AutoViewer requires JavaScript and the Flash Player. Get Flash.
Démarrez ou arrêtez le défilé et accédez directement aux articles

Où : TAP

Quand : 5 avril

Par qui : Jean-Luc Verna

Avec qui : les étudiants du Conservatoire à Rayonnement Régional de Poitiers, de l’Université de Poitiers et de l’Ecole Européenne Supérieure de l’Image

Vous pouvez maintenant lire les productions de l’Atelier Critique autour de ce spectacle !


Alors Carcasse en éprouvant le lâcher-prise

On effectuait une expérience du lâcher-prise, sur le plateau B du TAP ce mardi 5 Avril, avec la représentation d’ Alors Carcasse de Jean-Luc Verna sur un texte de Mariette Navarro.

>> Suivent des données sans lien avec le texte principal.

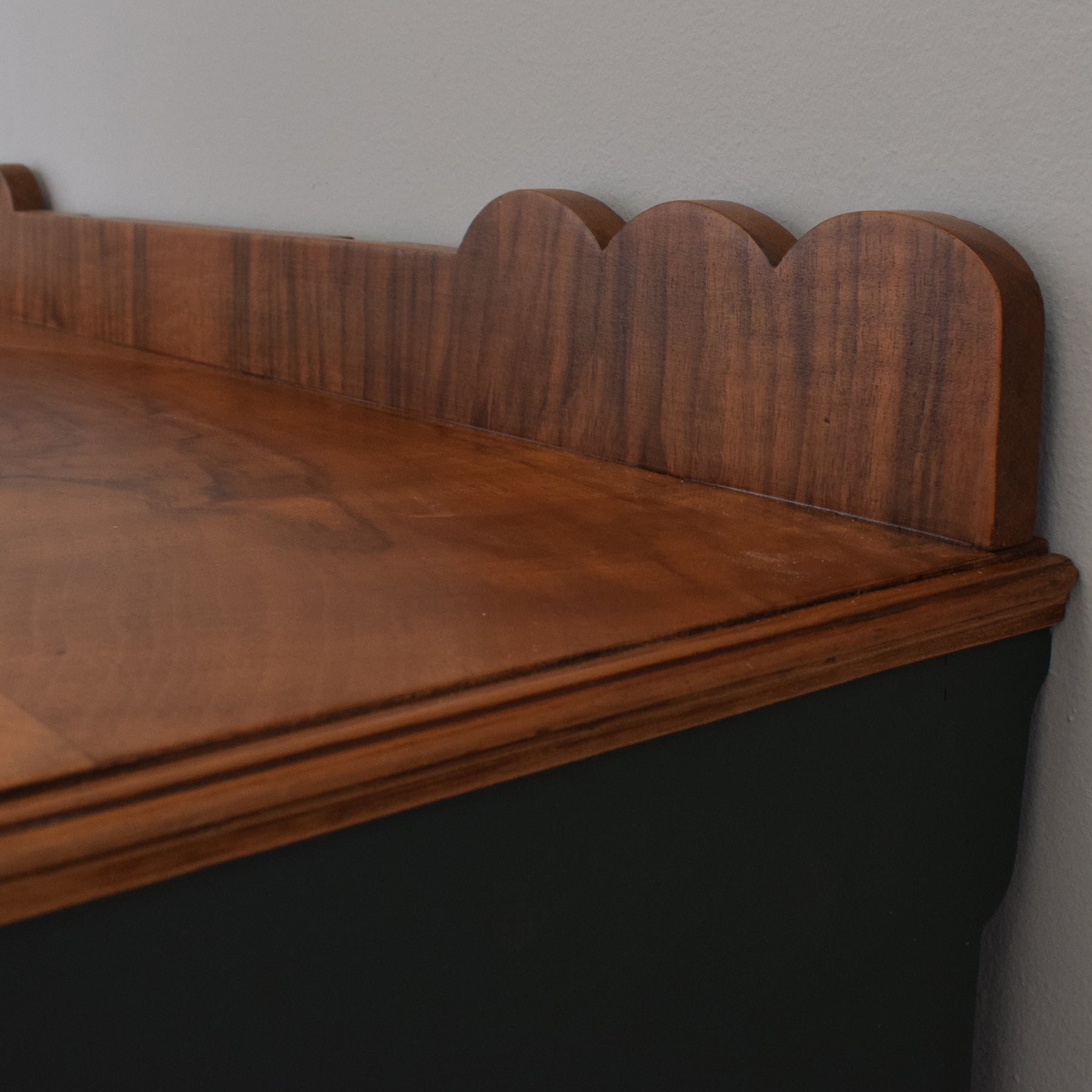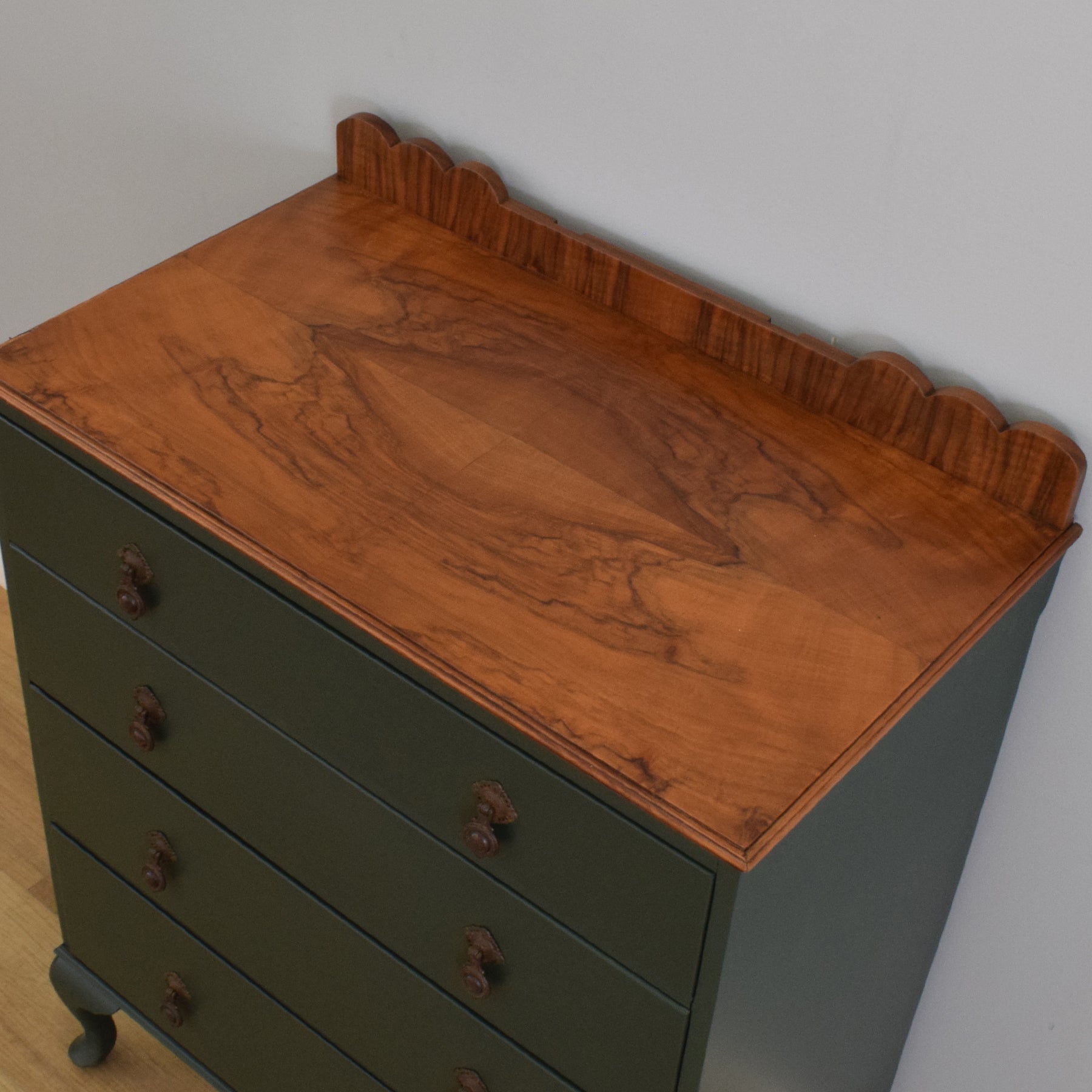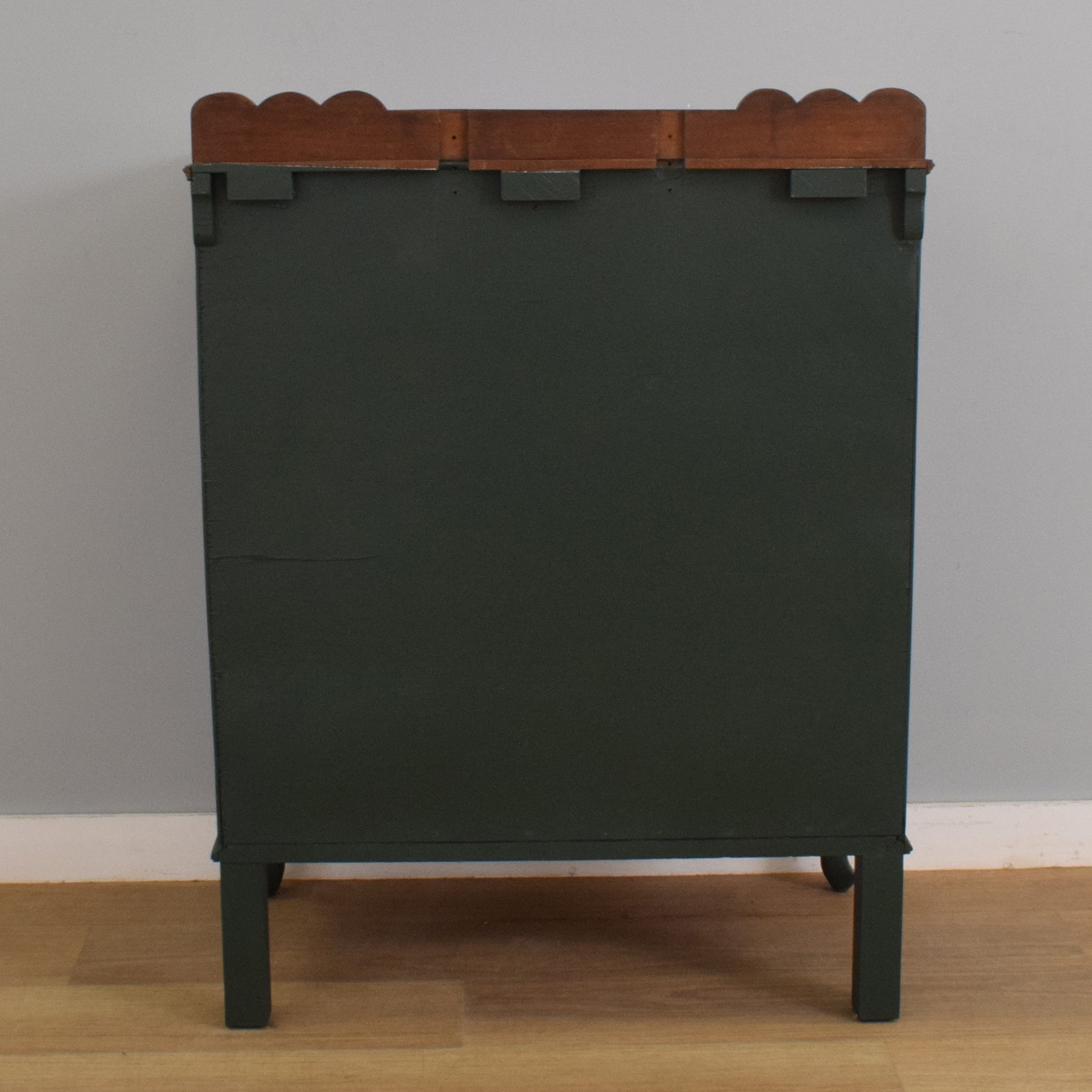 This four-drawer chest features a simple, elegant shape with gently curving cabriole legs and a shaped gallery back. The drawer fronts have been painted in a deep green tone, which contrasts attractively with the warm mahogany-veneered top, showcasing its rich natural grain. Each drawer is fitted with ornate drop handles, adding a touch of period character while remaining functional. With four spacious drawers, the chest provides plenty of room for clothing, linens, or household essentials.

Le spectacle s’ouvre sur un amoncellement de corps immobiles et entremêlés, quasi cadavériques, que vient manipuler un seul personnage, peut-être Carcasse, l’air bestial et imprévisible.

Pendant une demi-heure se construisent des images fugaces et poignantes, dans lesquelles les corps sont tantôt éteints ou ressuscités. Des corps qui ne se font pas une règle de la maîtrise, et d’où s’exhale une sensibilité ambigüe. D’autre part, un jeune homme, seul, sombre, évolue sur la scène en démêlant ces corps, avec une rigueur et une assurance qui font de lui une figure inquiétante, intrigante.

Cette impression est amplifiée par les jeux de lumière et de son, qui sollicitent sans arrêt les sens du public. Ce cheminement sensoriel, de plus en plus vif, est porté par une voix étrangère, qui nous guide dans l’intériorité de Carcasse, nous poussant à partager l’intime d’un personnage inconnu.

Alors Carcasse œuvre dans l’émotion viscérale. Cela à l’image du personnage principal, face au public, visage découvert, bravant la lumière et le son tout en dégageant l’émotion brute d’un bouillonnement intérieur visiblement incontrôlable. Ce spectacle convoque l’inconscient dans ce qu’il a d’irrépressible, provoquant alors une réflexion profonde sur la maîtrise de soi.

Alice ROYOUX, L2 Lettres et Cultures Contemporaines


Le corps prison d’Alors Carcasse

Quand le public s’installe sur les gradins de la petite salle, un amas de corps entremêlés est déjà présent sur le sol. Un silence de plus en plus tendu accompagne le travail méthodique et morbide d’un inconnu ganté, camouflé par une capuche. Il évoque un serial killer qui déplacent les corps de ses victimes, en silence pour les faire disparaître de l’espace scénique.

Progressivement une lecture à deux voix et crescendo, calme presque douce, parle du Carcasse du titre, avec minutie. Par des effets sonores et visuels on atteint l’acmé du processus où le personnage se découvre et indifférent à tout, se plante au centre de l’espace. Et le point de rupture est près d’être atteint quand les morts se relèvent, et plus tard en procession lente reprennent leur position initiale sur le sol.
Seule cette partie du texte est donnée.